— Это шантаж, — прорычала Сьюзен.

— Пусть так, что ты решила? Поедет Джоан со мной в Мексику или с тобой в Тампу? Или на этот уик-энд ты останешься здесь, в Калузе? Уверен, твоему дружку удастся подыскать тебе замену, чтобы не пропали билеты на футбол…

— Сукин сын, — сказала Сьюзен.

— Решай.

— Забирай ее в Мексику.

— Спасибо.

— Поганый сукин сын, — повторила она и повесила трубку. У меня было такое ощущение, будто я только что с блеском выиграл дело в Верховном суде страны.
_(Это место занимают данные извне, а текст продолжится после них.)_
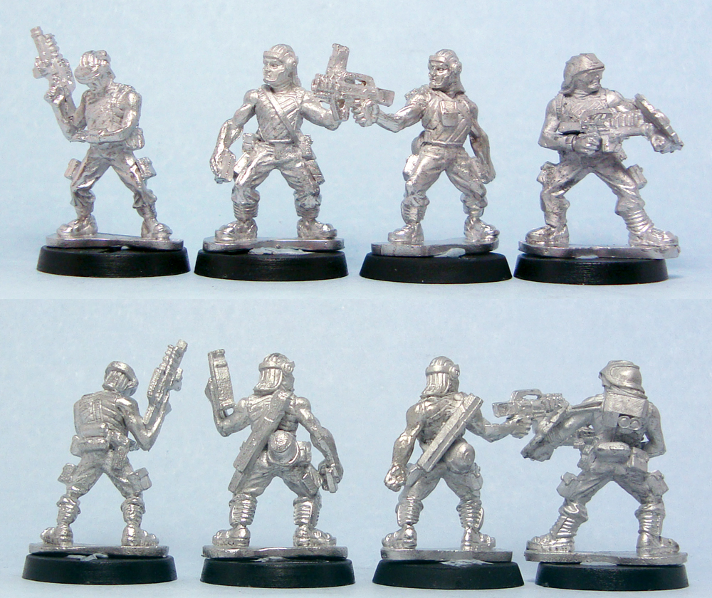 The models are pretty nice sculpts, although some of them suffer from overly long arms. A few also succumb to the action figure syndrome by firing their rifles with one hand. As with the Fenryll troopers above, I find this more than a bit silly. The sculptor Chaz Elliott has managed to pose the troopers in good, dynamic poses, so they really look like they’re in a combat situation. They’re quite bulky and heroic in style, resembling the Copplestone Castings range for example. There are some multipart models, and the pieces fit together okay. All the models stand on fairly thick integral metal bases and due to the wide stances some of them have, basing them on standard 25mm bases will require some cutting and filing of the bases.

Как это ни покажется странным, но именно моя дочь Джоан помогла мне принять решение относительно Джорджа Н. Харпера. После бурного взрыва радости при известии, что мать «пересмотрела» свои позиции и разрешила ей поехать в Мексику, Джоан почти тотчас же погрузилась в глубокую задумчивость, из чего я заключил, что голова ее занята чем-то гораздо более важным. Я уже давно усвоил, что нет смысла проявлять излишнее любопытство, пока Джоан размышляет над какой-то проблемой. Если у нее возникнет желание поделиться со мной, если ей понадобится мой совет или утешение, она в конце концов сама расскажет мне обо всем, часто совершенно неожиданно, как и произошло в тот вечер после обеда.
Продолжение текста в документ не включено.